Криничане, то один, то другой, ежедневно приходили к Кузьме Степановичу. Не тая своих сокровенных дум, выспрашивали:
— Как там, Степанович?.. Не слыхать про Червоную Армию? Скоро погонит она наших «освободителей»?
С близко знакомыми надежными колхозниками Кузьма Степанович не считал нужным таиться.
— Точно сказать не берусь, — отвечал он, — а что погонят, вы не сумлевайтесь. На морду нашего старосты, Микифора, поглядывайте… На ней, как на бумаге, все прописано…
Малынец действительно, как только немецкие газеты сообщали об отходе войск, на зимние квартиры или начинали расписывать необходимость сокращения линии фронта, лебезил перед криничанами, юлил… Если же гитлеровцы наступали, он пыжился, глядел на односельчан свысока.
Варвара Горбань спросила как-то Малынца:
— Где ж та мануфактура, пан староста, что вы обещали? Говорили, целые поезда в Богодаровке разгружаются, а ни на юбку, ни на кофточку достать негде.

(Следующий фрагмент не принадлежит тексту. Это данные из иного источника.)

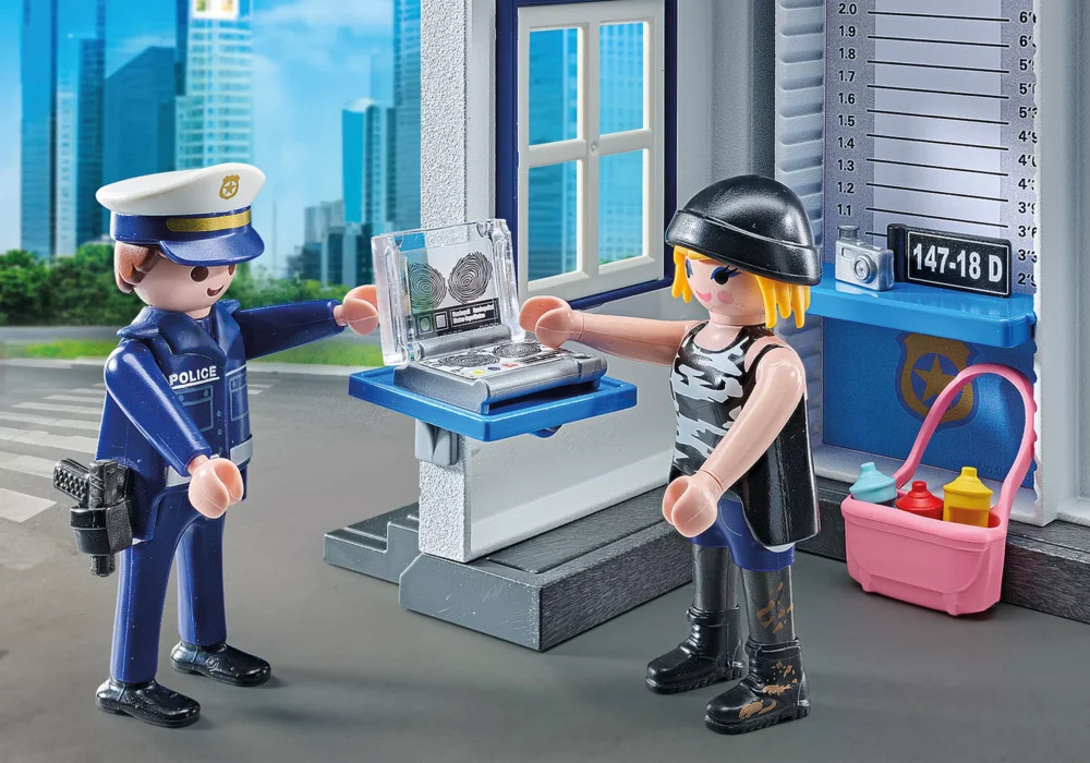**”ใครทำกันนะ? ช่วยตำรวจหาคำตอบว่าใครคือผู้ที่สนุกกับกระป๋องสเปรย์นอกบ้าน, ถ่ายภาพของผู้ต้องสงสัย และเปรียบเทียบลายนิ้วมือของเธอกับข้อมูลในแล็ปท็อป. สามารถเชื่อมต่อกับสถานีตำรวจและเป็นการเสริมที่ยอดเยี่ยมสำหรับธีมตำรวจ PLAYMOBIL.**
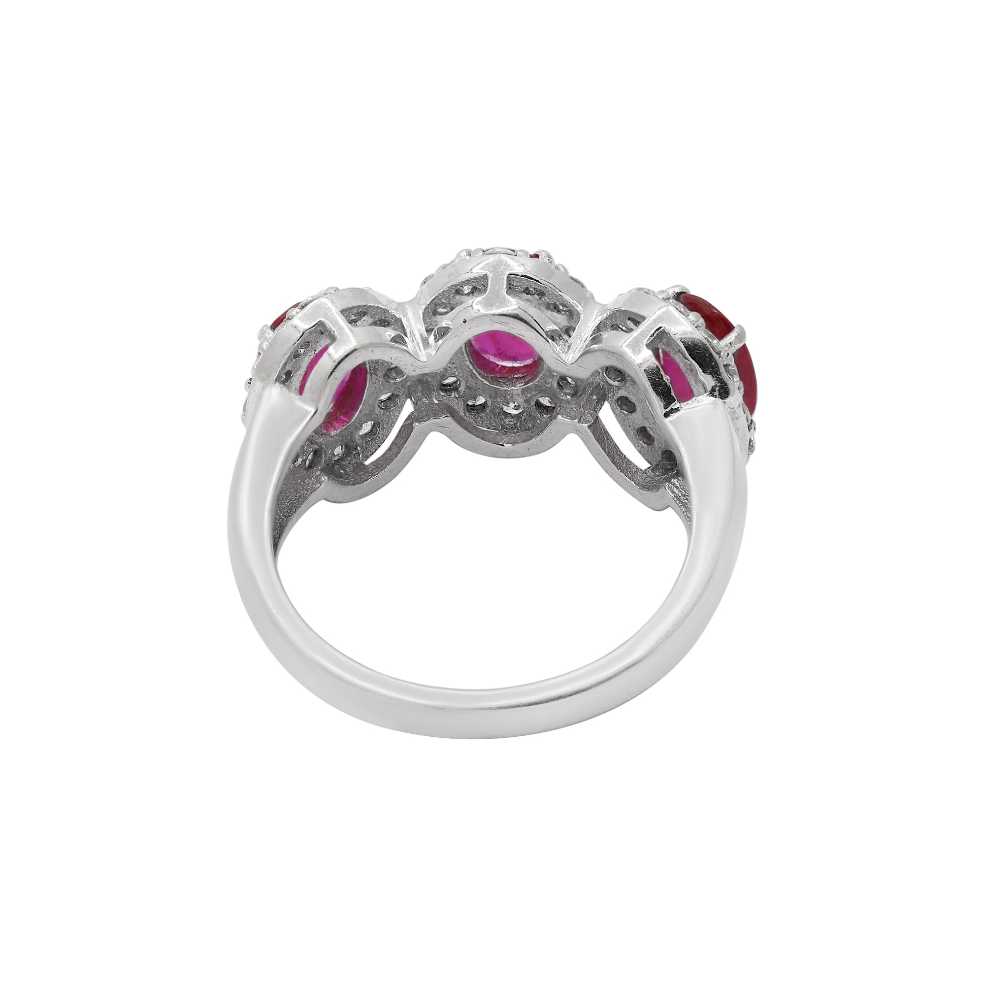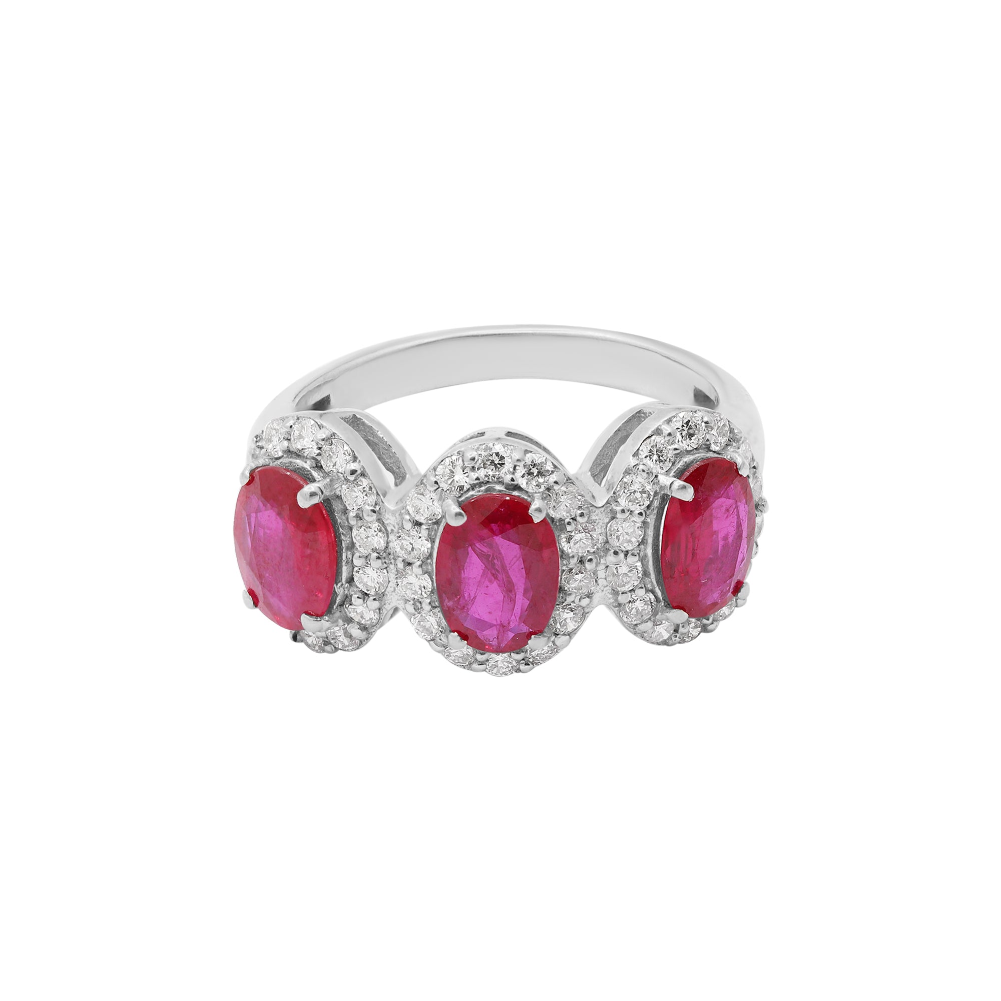 Natural Pink Sapphire Three Stone and Diamond 14k White Gold Ring For Women
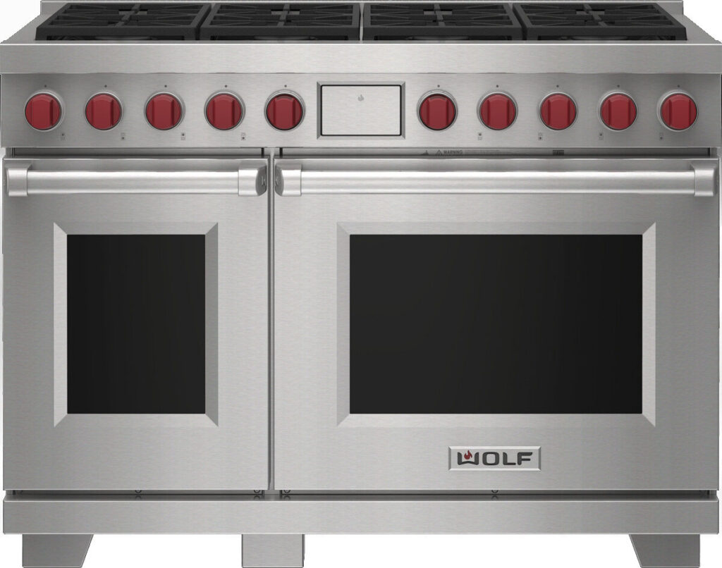 Dual-Fuel-Herd von Wolf mit einer Breite von 122 cm, Doppelbackofen und acht Brennern.
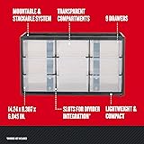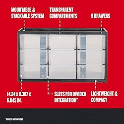 9 large transparent drawers for high content visibility Modular storage: Easily stacks with other organizers to create a custom system Impact-resistant plastic construction Can be wall mounted or stacked Designed for handling small parts and accessories
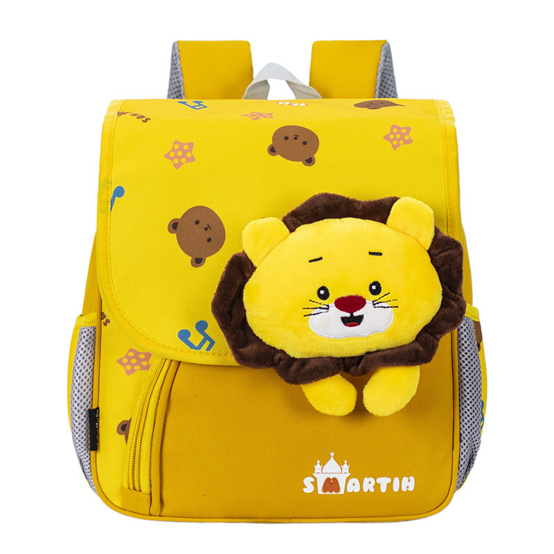 2023 New Little Lion Children's School Bag Cartoon Cute Kindergarten Boys and Girls Lightweight Ridge Double Protection

— Эт, глупая! — сердился Малынец. — Нехай же война кончится. У германских управителей только и хлопот, что про твою кофточку думать? Других дел нету? Глупая ты, Варька, пустые и вопросы ставишь…
Но он помнил, что сам раззвонил на все село об эшелонах с товарами, которыми немцы сулили завалить весь район, и, покрикивая на Варвару, отводил плутоватые глаза в сторону. Стараясь замять неприятный разговор, Малынец вдруг торжественно заявил:
— Скоро чудеса будете глядеть! Гебитскомиссар уже теперь в Богодаровке новый Берлин планует…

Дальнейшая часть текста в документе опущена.